Dataset excerpt:
■ ■ ■
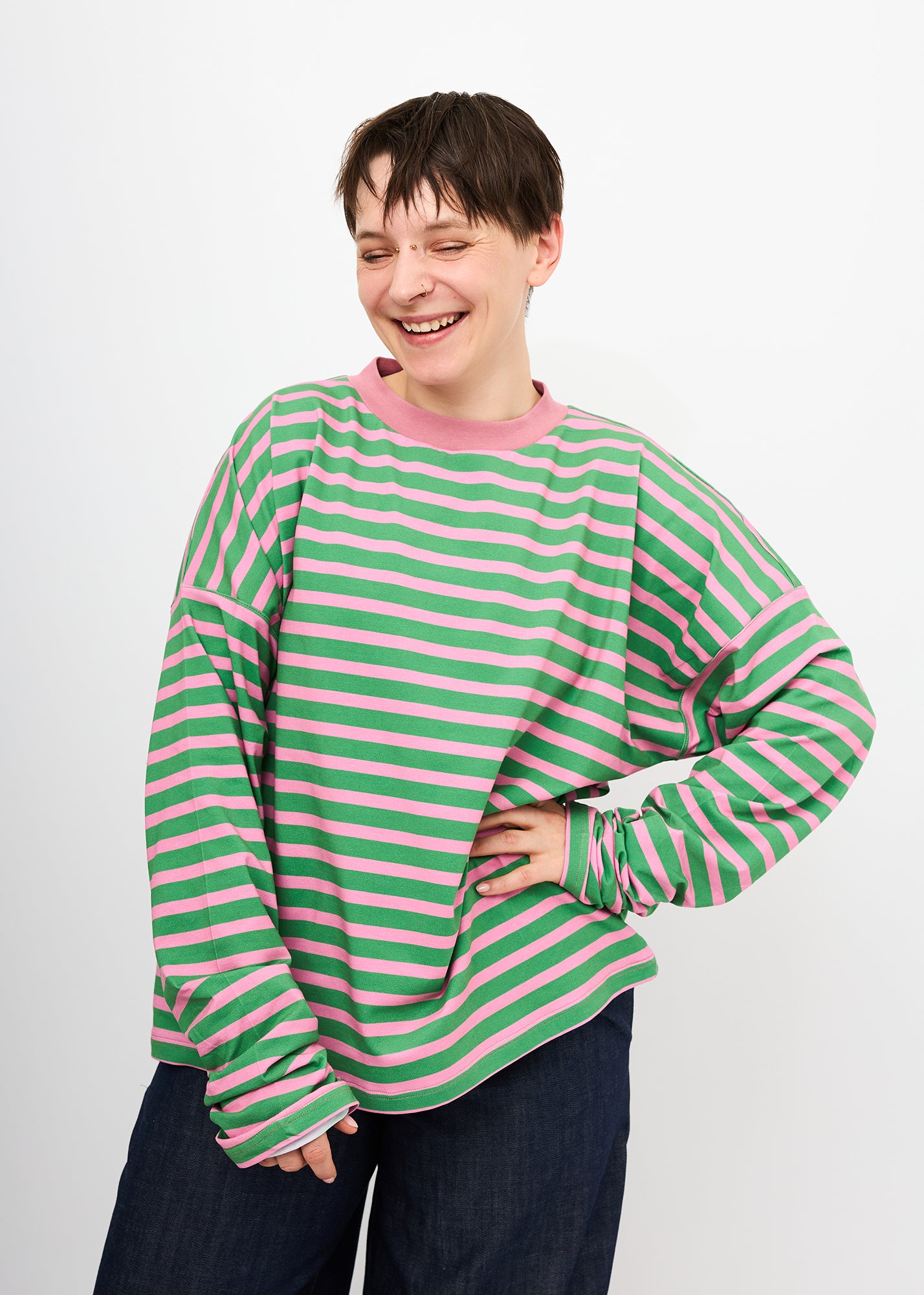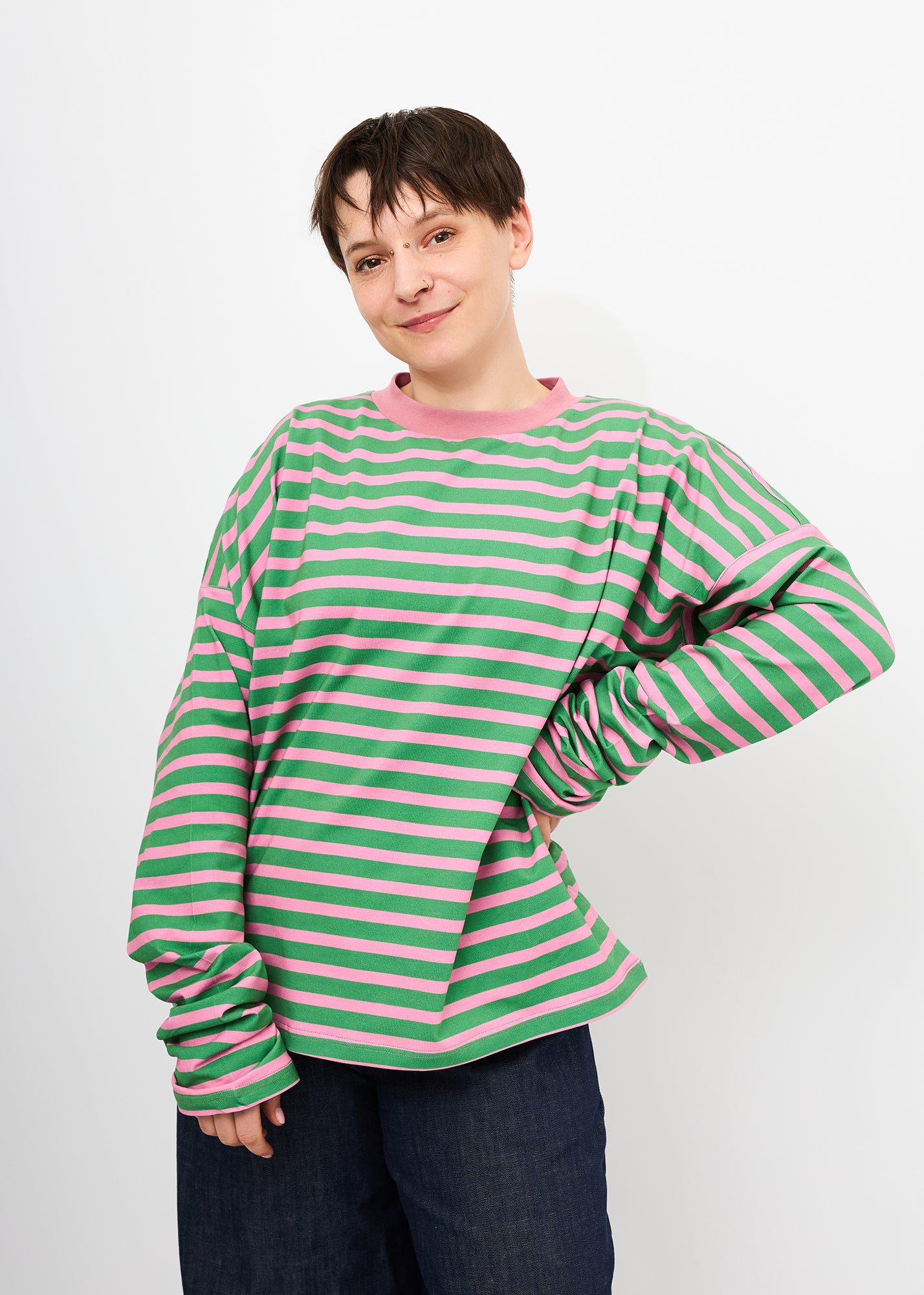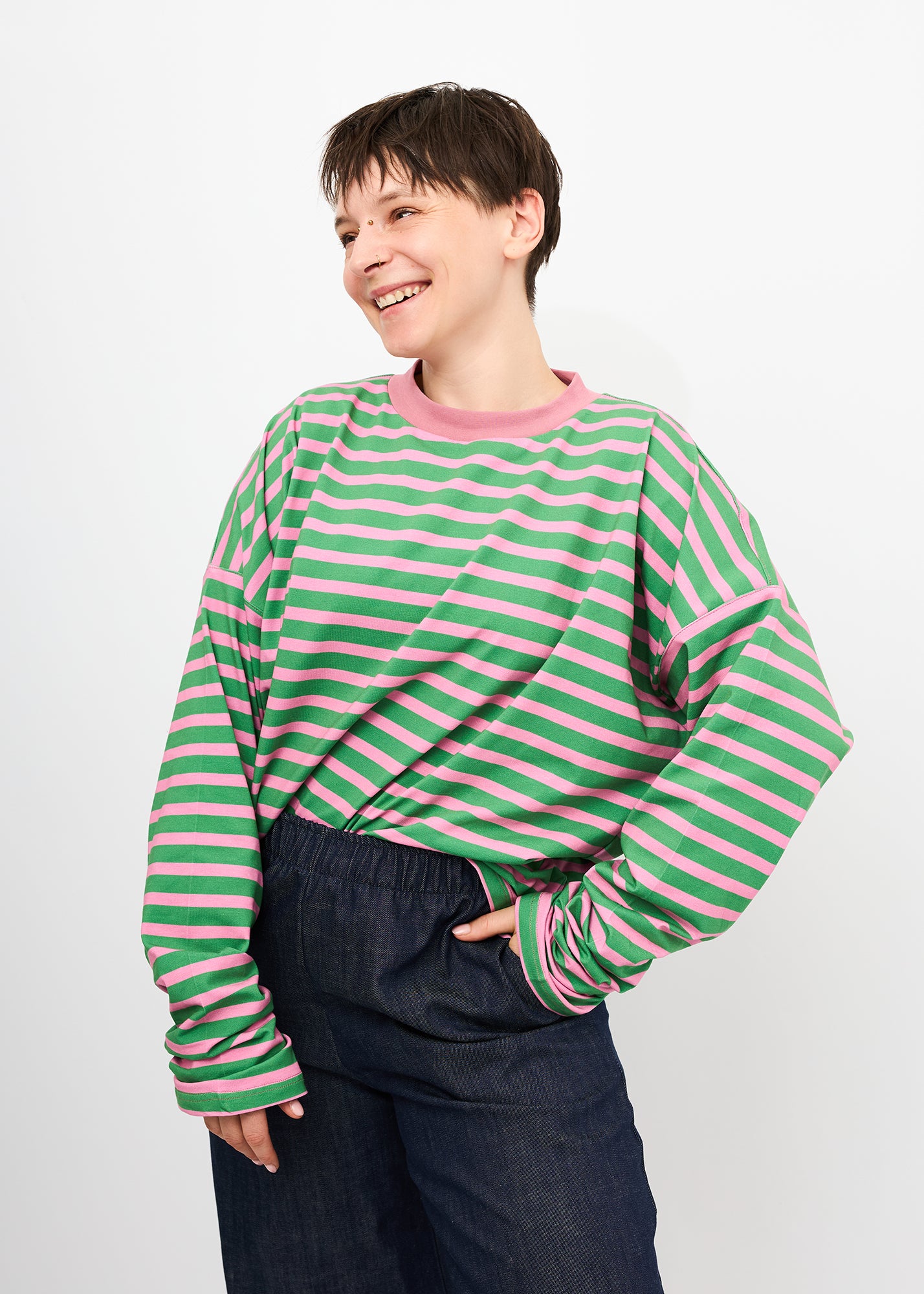 Sammy | Oversized Sweatshirt mit Raffung am Ärmel | Streifen grün
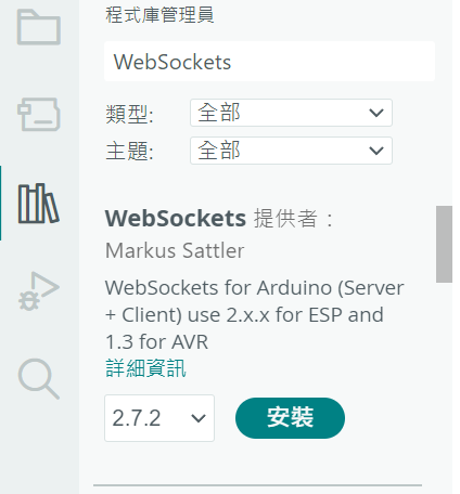 💡 搜尋「WebSockets」時,請認明作者是 Markus Sattler(函式庫名稱為 WebSockets),不要裝錯。
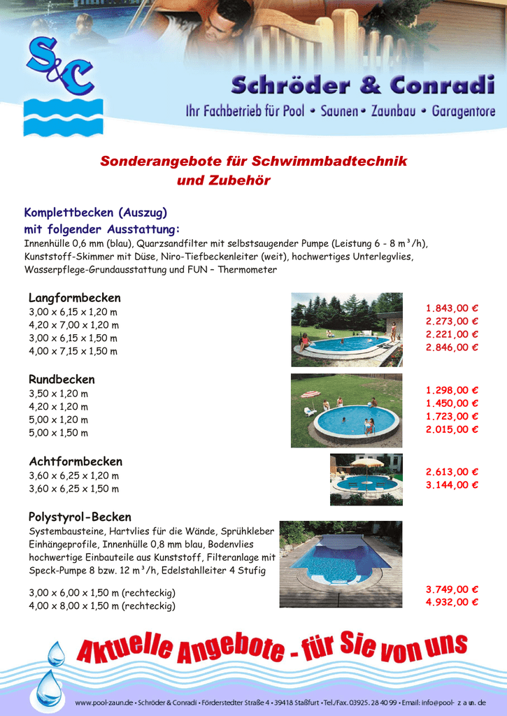 Sonderangebote für Schwimmbadtechnik und Zubehör Komplettbecken (Auszug) mit folgender Ausstattung: Innenhülle 0,6 mm (blau), Quarzsandfilter mit selbstsaugender Pumpe (Leistung 6 - 8 m³/h), Kunststoff-Skimmer mit Düse, Niro-Tiefbeckenleiter (weit), hochwertiges Unterlegvlies, Wasserpflege-Grundausstattung und FUN – Thermometer Langformbecken 3,00 x 4,20 x 3,00 x 4,00 x 6,15 x 1,20 m 7,00 x 1,20 m 6,15 x 1,50 m 7,15 x 1,50 m Rundbecken 3,50 x 4,20 x 5,00 x 5,00 x 1,20 m 1,20 m 1,20 m 1,50 m Achtformbecken 3,60 x 6,25 x 1,20 m 3,60 x 6,25 x 1,50 m 1.843,00 2.273,00 2.221,00 2.846,00 € € € € 1.298,00 1.450,00 1.723,00 2.015,00 € € € € 2.613,00 € 3.144,00 € Polystyrol-Becken Systembausteine, Hartvlies für die Wände, Sprühkleber Einhängeprofile, Innenhülle 0,8 mm blau, Bodenvlies hochwertige Einbauteile aus Kunststoff, Filteranlage mit Speck-Pumpe 8 bzw. 12 m³/h, Edelstahlleiter 4 Stufig 3,00 x 6,00 x 1,50 m (rechteckig) 4,00 x 8,00 x 1,50 m (rechteckig) 3.749,00 € 4.932,00 € Edelstahlleiter Tiefbeckenleiter eng 3-stufig, hochwertiger Edelstahl, Holme 43mm Ø, Einbauhalterung und Rosetten 159,00 € Tiefbeckenleiter eng 4-stufig, hochwertiger Edelstahl, Holme 43mm Ø, Einbauhalterung und Rosetten 169,00 € Tiefbeckenleiter weit 3-stufig, hochwertiger Edelstahl, Holme 43mm Ø, Einbauhalterung und Rosetten 164,00 € Tiefbeckenleiter weit 4-stufig, hochwertiger Edelstahl, Holme 43mm Ø, Einbauhalterung und Rosetten 175,00 € Hochbeckenleiter 1,2 m, Edelstahl-Holme 43 mm Ø, mit beweglichen Kunststoff-Fußtellern, sowie Stufen + Plattform aus Kunststoff für Wandhöhe 1,2 m 255,00 € Hoch-Kurzbeckenleiter 1,2 x 0,4 m, Edelstahl-Holme 43 mm Ø, mit beweglichen Kunststoff-Fußtellern, sowie Stufen + Plattform aus Kunststoff (1 x 1 Stufe/1 x 4 Stufen) 235,00 € Filterannlagen SANDY 40 Quarzsandfilter mit Kunststoffkessel Ø 300 mm Mit Top-Mount-Ventil, selbstsaugender Pumpe, ca. 4 m3/h, 230 V und Manometer, Sandmenge ca. 25 kg SANDY 70 Quarzsandfilter mit Kunststoffkessel Ø 380 mm mit Top-Mount-Ventil, selbstsaugender Pumpe, ca. 7 m3/h, 230 V und Manometer, Sandmenge ca. 50 kg SANDY 90 Quarzsandfilter mit Kunststoffkessel Ø 430 mm mit Top-Mount-Ventil, selbstsaugender Pumpe, ca. 9 m3/h, 230 V und Manometer, Sandmenge ca. 60 kg Quarzsand 0,4 - 0,8 mm im 25kg Sack andere Korngrößen auf Anfrage 290,00 € 345,00 € 395,00 € 8,00 € Einbauteile und Zubehör Einlaufdüse für Folienbecken mit Dichtungen und Schrauben, sowie Kontermutter R2"außen 2", innen 50 mm Klebeanschluss, Multiflow-Kugel 14 mm, kann vergrößert werden. Sonder VK 23,00 € UW-Kunststoff-Scheinwerfer für Folienbecken 12 V 300 Watt, rund, komplett mit Kabelschutz-Schlauch und Folienflanschsatz mit Dichtungen und Niro-Schrauben 108,00 € Sicherheitstrafo 12 V 300 W 160,00 € Kunststoff - Skimmer für Fertigbecken, bis ca. 40 m³ Inhalt, mit Flanschteilinnen 15 x 14 cm, Vakuumscheibe und Einlaufdüse, Anschluss 1 1/2" 45,00 € Kunststoff - Skimmer Folie mit verstellbarem oberen Abschlussdeckel und Folienflansch innen 210 x 145 mm, Einbautiefe 245 mm, Anschluss 2" 140,00 € Kunststoff - Skimmer wie zuvor, Einbautiefe 365 mm 160,00 € Bodenablauf für Folienbecken, mit flachem Gitterrost 2" Innengewinde 45,00 € STANDARD Bodenreiniger 17,00 € LUXUS Bodenreiniger mit Seitenbürsten 24,00 € Beckenwandbürste 17,00 € Laubkescher aus Kunststoff 5,00 € Bodenkescher aus Kunststoff, mit tiefem Laubsack 8,00 € Schwimmbadschlauch 38 mm, je m 3,00 € Thermometer mit Schwimmring blau, Ø 19 cm, mit NiroTauchfühler 20,00 € Thermometer mit Schwimmfigur Schildkröten, Boote, Enten und Walfische, Wunschfigur bei Bestellung bitte angeben 11,00 € Thermometer mit Schwimmkopf rot oder blau 5,00 € Empf. VK Sonder VK Preis je kg Chlogranulat, organisch, schnell-löslich, hochaktiv, pH-neutral, 1 kg 15,00 € 11,00 € 11,00 € Chlogranulat, organisch, schnell-löslich, hochaktiv, pH-neutral, 5 kg 52,00 € 40,00 € 8,00 € Chlortabletten, organisch, schnell-löslich, hochaktiv, pH-neutral, 1 kg 15,00 € 11,00 € 11,00 € Chlortabletten, organisch, schnell-löslich, hochaktiv, pH-neutral, 5 kg 52,00 € 40,00 € 8,00 € Riesen-Chlortabletten, langsam lösliche, organische Tabletten, 15,00 € 11,00 € 11,00 € 58,00 € 45,00 € 9,00 € Algenverhüter - schaumfrei, chlorfrei, pH-neutral, keine Giftstoffe, 1 l 8,00 € 6,00 € 6,00 € Algenverhüter - schaumfrei, chlorfrei, pH-neutral, keine Giftstoffe 6 l 40,00 € 30,00 € 5,00 € PH-Minus, lösliches Granulat, greift Metalle nicht an, 0,5 kg 3,50 € 3,00 € 6,00 € PH-Minus, lösliches Granulat, greift Metalle nicht an, 1,5 kg 9,00 € 6,00 € 4,00 € PH-Minus, lösliches Granulat, greift Metalle nicht an, 7,5 kg 32,00 € 22,00 € 2,93 € PH-Minus, lösliches Granulat, greift Metalle nicht an, 18 kg 46,00 € 32,00 € 1,78 € PH-Plus, lösliches Granulat, greift Metalle nicht an, 0,5 kg 4,00 € 3,00 € 6,00 € PH-Plus, lösliches Granulat, greift Metalle nicht an, 1,0 kg 8,00 € 6,00 € 6,00 € PH-Plus, lösliches Granulat, greift Metalle nicht an, 5,0 kg 20,00 € 14,00 € 2,80 € 8,00 € 6,00 € 6,00 € Reiniger - sauer wie vor, 3 l 22,00 € 16,00 € 5,33 € Randreiniger flüssiger Reiniger für Fett- und Rußränder, 1 l 15,00 € 11,00 € 11,00 € Flockkartuschen 1 kg. (8 St.) 20,00 € 15,00 € 15,00 € 11,00 € 8,00 € 8,00 € 12,00 € 10,00 € 10,00 € Wasserpflege - Chemie hochaktiv, pH-neutral, kalk frei, 1 kg Riesen-Chlortabletten , wie zuvor 5 kg Reiniger - sauer flüssiger, kalklösender Grundreiniger für alle Beckenoberflächen, materialschonend, 1 l Flockmittel - flüssig Beseitigt Trübungen, pH-neutral, flockt schnell und gründlich, 1 l Überwinterungsmittel Verhindert Algenbildung und Schmutzablagerungen bei Freibädern in den Wintermonaten, 1 l (6) Biozide sicher verwenden vor Gebrauch stets Kennzeichnung und Produktinformationen lesen ! Wasserpflege - Chemie Comb
■ ■ ■
Activity: Omitting all pictures, restate exactly the lines of the material from its start through the line that contains "Markus Sattler(函式庫名稱為 WebSockets),不要裝錯。".

Written answer:
 Sammy | Oversized Sweatshirt mit Raffung am Ärmel | Streifen grün
 💡 搜尋「WebSockets」時,請認明作者是 Markus Sattler(函式庫名稱為 WebSockets),不要裝錯。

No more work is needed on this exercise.